Wumpus, 2003

The Wumpus example is widely used in the artificial intelligence research as a testbed for new ideas and comparison with the previous ones.

The need for some nice way to show the Reinforcement Learning techniques in action raised for the Reinforcement learning presentation. Wumpus proved to be exactly what was needed.

Description

The Wumpus example contains several objects interacting one with another in the virtual environment. The environment is simplified (board-like environment divided into fields, like the chess board) in order to allow easier simulation. In different flavors of the task different interactions are possible.

There is a Treasure Hunter searching in the cave for the gold. However, such a cave can be full of dangerous obstacles. There might be holes, but even worse, there might be Wumpus, little stinky cave creature, waiting for the its victim!

In the classical case, the cave is really dark. This means that the Treasure Hunter cannot see anything. Luckily for him, there is a freezing fresh air going out of the holes and Wumpus is really stinky. This helps the Treasure Hunter to make a decision in every step, whether to go further or temporarily retreat and try the other way.

The classical Treasure Hunter has also three arrows that he can use to shoot the Wumpus on the next field of the board.

Simplified implementation

For the presentation purposes the environment was simplified even more. There are no more holes, but there are more Wumpuses. The Treasure Hunter does not have arrows any more. He has to find the peacefull way. It is guaranteed, that in the generated random cave there exists a peacefull way to the gold.

Our Hunter is made reactive (mostly). This means it has almost no memory and does not build the map of the cave in the mind. Every decision in every step is based only on following facts:

And the Treasure Hunter has following options:

The trial is over, either when the Hunter steps on the Wumpus, or when he finds the golden treasure.

Reinforcement learning

The presented method, Reinforcement learning, is based on the delayed rewards and punishments. This means, that while the learning entity, agent, acts, time to time it receives reward, when something desired occurred, or punishment, when something undesired happened. This received reward, however, does not belong only to the last action. Nice and simple example is chess: The reward, win, is awarded only after the long sequence of moves, while it may not be clear, which move was the winning one. Similarly, the punishment, lost game, comes also after a long sequence of moves. When the game was lost, it does not necessarily mean, that the last moves were wrong. Maybe there was the mistake in the beginning of the game, but all the following heroic effort was useless.

The goal of the Reinforcement learning is to infer, under such circumstances, which behavior, policy, leads to the success and which to the failure.

Comparison with other method

To give the better feeling, how successfull, or unsuccessful, Reinforcement learning in our scenario is, the best known deterministic (predictable) algorithm was implemented: uninformed depth-first search.

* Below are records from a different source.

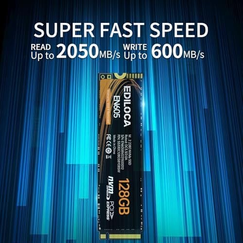 About this item 【Top Performance】With the accelerated performance through NVMe technology, EDILOCA EN605 M.2 SSD can provide you with shorter loading time and faster data transfer. EN605 NVMe SSD can reduce OS and game/software latency, you can get stable and smooth gaming / office experience. 【High-Speed Transfer】PCIe Gen3 x4 high-speed interface, sequential read or write speed up to 2050/600 MB/s. Compliant with NVMe 1.3 protocol standard, it has high performance, low latency and low power consumption features. 【Stable & Reliable】Built-in LDPC error correction decoding effectively ensures the correctness and reliability of data transmission and access. 【Widely Compatible】Lightweight design with M.2 2280 interface specification, it can be used by desktop or notebook computers that support M.2 PCIe interface. Perfectly compatible with Windows 10/8/7 and later.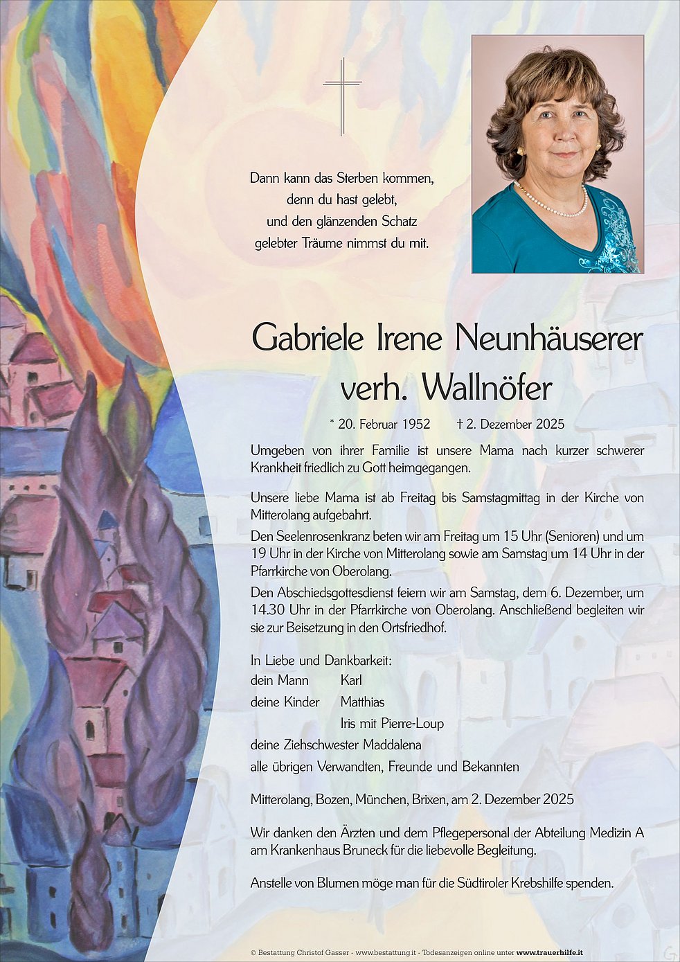 Anstelle von Blumen möge man für die Südtiroler Krebshilfe spenden.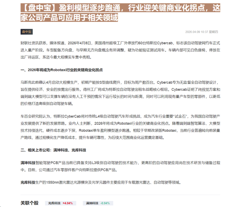 CLSMA to 财联社 10合一 实时滚动更新中文 · 3 hours ago10:37【盘中宝】盈利模型逐步跑通,行业迎关键商业化拐点,这家公司产品可应用于相关领域imagemessage-square0linkfedilinkarrow-up11arrow-down10

Uninformed depth-first search

Uninformed, because the algorithm has no preferences, heuristic, where to go. No "I would prefer to go left" rule.

Depth first search algorithms go forward, as long as it is possible, than retreat, when it is not possible (smelly danger). After reaching the last point, where another decision option was possible, this option is tried in the same fashion.

Results

If we would not consider the fact, that the Reinforcement learning presentation went fine, but if we would be also interested in the comparison results, we would be highly surprised.

Even if it can be proved, that the uninformed depth-first algorithm is the optimal under conditions, where no assumption about the treasure position can be done, Reinforcement learning performs better. After about thirty learning trials the learning Treasure Hunter is on average two steps faster than the preprogrammed one.

But how can this happen? Proof is a proof, after all, isn't it?

Well, the proof says, that a fixed strategy like "search along the left wall", or "search along the right wall", or "search in the center" cannot on average perform better, than the depth-first search. However, the learning Treasure Hunter learns to switch(!) these strategies. When there is something stinky found by the left wall, the "search on the left" is dropped in favor of another strategy. This highly sophisticated behavior makes the proof for non-switching policy irrelevant.